Enfin, les gouvernements européens devraient revoir leurs politiques de coopération internationale qui minent la productivité et l’entrepreneuriat en Afrique. Le vieux schéma où l'Afrique ne fait qu’exporter des matières premières à l’état brut, sans créer de valeur ajoutée sur place, empêche d’offrir plus d’opportunités d’emploi aux jeunes africains. La relocalisation de la production axée sur le savoir et la valeur ajoutée en Afrique saura donner de l'espoir à la jeunesse en une vie meilleure.

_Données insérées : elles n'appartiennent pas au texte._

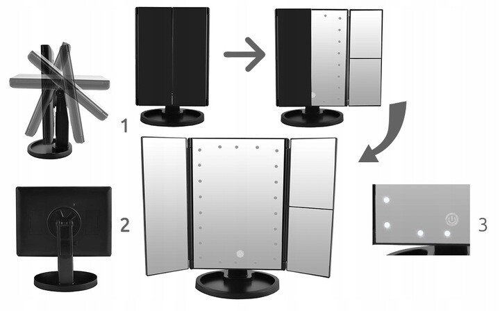 - 3 STOPNIE PRZYBLIŻENIA – otwierane lustro posiada dwa boczne lusterka, po lewej stronie mamy zwykłe lusterko bez powiększenia, natomiast po prawej stronie znajduje się dwukrotne oraz trzykrotne powiększenie. Powiększenie jest sporym ułatwieniem podczas wykonywania makijażu czy zabiegu. Nie musimy bardziej przysuwać się do lusterka, by zrobić idealnie równą kreskę nad okiem, wystarczy skierować wzrok na boczne lusterko i wykonać makijaż.

L'objectif devrait être l’inclusion des Africains dans les chaines de valeur, les centres de production et les marchés mondiaux à haute valeur ajoutée.
Somme toute, des efforts conjoints bien pensés entre l'Afrique et l'Europe pourront certainement aider à prévenir les tragédies de Lampedusa et créer des filières migratoires saines.
James Shikwati, directeur Inter Region Economic Network et éditeur de Africanexecutives – Article initialement publié en anglais par African executive – Traduction réalisée par Libre Afrique – Le 6 juillet 2015.